Climate anxiety: Amid feelings of hopelessness, some turn to 'climate-aware' therapists for help

PROVIDENCE, R.I. — Sixteen-year-old Ben Doyle often feels "pervasive guilt." It creeps up when he leaves the water running a little too long while brushing his teeth, or when he drinks from a single-use plastic bottle.

In those moments, he says, "I really feel like I’m only hurting myself and acting against my interests and the interests of everybody around me."

Doyle, a student at Portsmouth High School in Portsmouth, New Hampshire, said he experienced "hopelessness" when the U.S. withdrew from the Paris Climate Agreement in 2020.

Ben Doyle struggles with emotional distress stemming from the environmental crisis of climate change.
Ben Doyle struggles with emotional distress stemming from the environmental crisis of climate change.
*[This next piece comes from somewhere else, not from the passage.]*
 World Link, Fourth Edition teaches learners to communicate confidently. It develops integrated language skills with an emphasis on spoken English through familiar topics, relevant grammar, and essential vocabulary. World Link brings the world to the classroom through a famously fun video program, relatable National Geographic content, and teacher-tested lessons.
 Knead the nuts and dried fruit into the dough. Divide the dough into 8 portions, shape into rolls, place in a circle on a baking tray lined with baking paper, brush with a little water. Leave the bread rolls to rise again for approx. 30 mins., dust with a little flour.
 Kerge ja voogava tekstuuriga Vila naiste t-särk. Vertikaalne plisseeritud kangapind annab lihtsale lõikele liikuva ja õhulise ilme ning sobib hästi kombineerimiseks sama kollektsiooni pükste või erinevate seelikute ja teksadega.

The term "climate anxiety" immediately strikes a chord with him – the phenomenon of emotional distress stemming from the planet's environmental crisis. Around the world, members of Generation Z – currently 9-24 years old – are experiencing it acutely, according to new data. And many people in their child-bearing years are torn between the future that awaits and their personal desire to have kids.
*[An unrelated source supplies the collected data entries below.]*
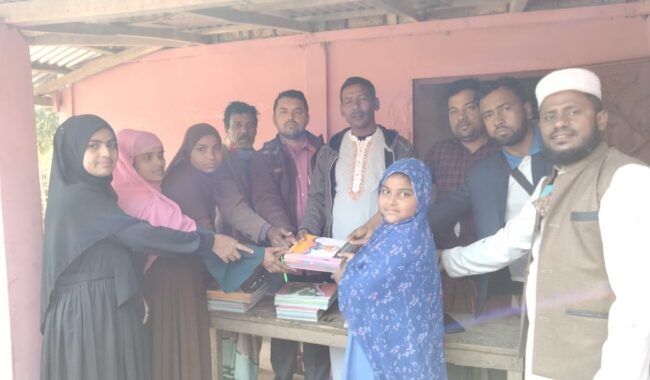 রোববার (১ জানুয়ারি) সকালে মাদ্রাসা প্রাঙ্গণে শিক্ষার্থীদের হাতে নতুন বই তুলে দেন মাদ্রাসা পরিচালনা কমিটির সভাপতি ও স্হানীয় ওয়ার্ড মেম্বার ফারুক আহমদ ও শিক্ষকমন্ডলীগন।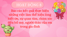 ƯỚ CỜ về chủ đề gia đình Ti u ph ể m ẩ "Gia đình yêu thương" HO T Đ Ạ NG Ộ 8 Báo cáo k t qu ế th ả c hi ự ện nh n ữ g vi c ệ làm th hi ể n ệ lòng bi t ế n ơ , s qua ự n tâm, chăm sóc đ n ế b m ố , n ẹ g i thân ườ của em trong gia đình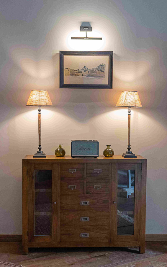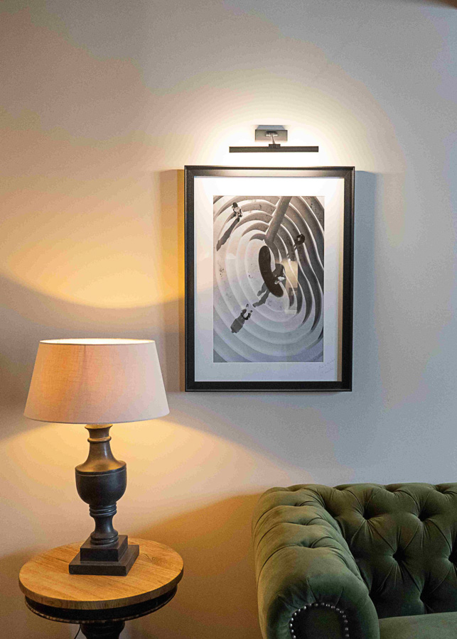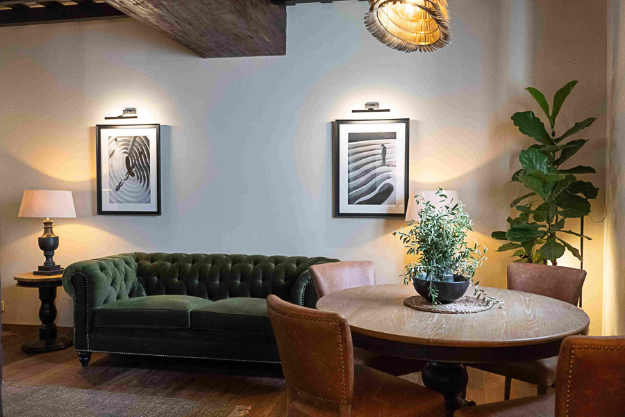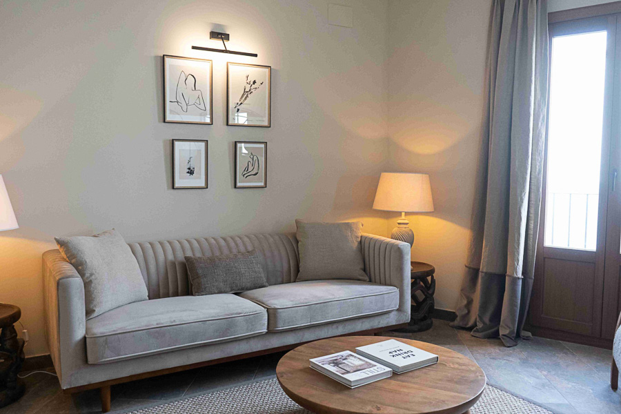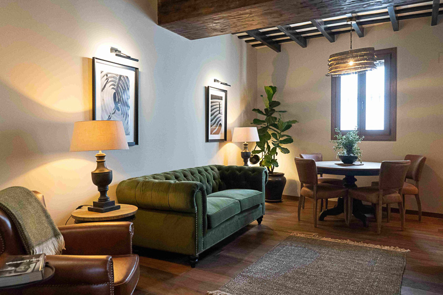 El espacio se viste con elementos únicos: sofás Chesterfield, una iluminación ambiental sutil, obras de arte originales de Cádiz y Marruecos y láminas enmarcadas que aportan personalidad y coherencia al conjunto. El resultado es una casa confortable con un diseño cuidado.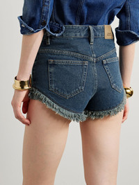 Isabel Marant's 'Eneidao' shorts have wispy fringing along their ultra mini hems, giving them a cool retro feel. They're made from classic blue denim that's perfectly faded. Size & Fit - Fits true to size, take your normal size - High-rise, cut for a slim fit - Particularly short in length - Mid-weight, non-stretchy fabric - Model is 180cm/ 5’11” and is wearing a FR 36 Details & Care - Blue denim - Button and concealed zip fastening at front - 100% cotton - Machine wash - Designer wash: Faded Blue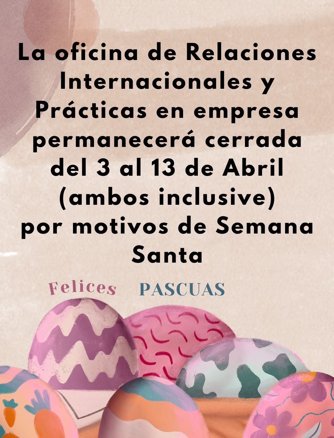 La oficina de RRII permanecerá cerrada por motivos de Semana Santa del 3 al 13 de Abril, ambos inclusive.

From not having kids to battling anxiety: Climate change is shaping life choices and affecting mental health

A first-of-its-kind global survey published in September, led by academics from the University of Bath in the U.K. and the Stanford Center for Innovation in Global Health, showed the psychological toll the climate crisis is taking on young people. Among high percentages thinking the future is frightening, or that humanity is doomed, many of the 10,000 respondents – ages 16-25 from 10 countries – also said the perceived inadequate government response is associated with feelings of betrayal.

Forty-five percent of young people surveyed said their feelings about climate change negatively affect their daily life and functioning.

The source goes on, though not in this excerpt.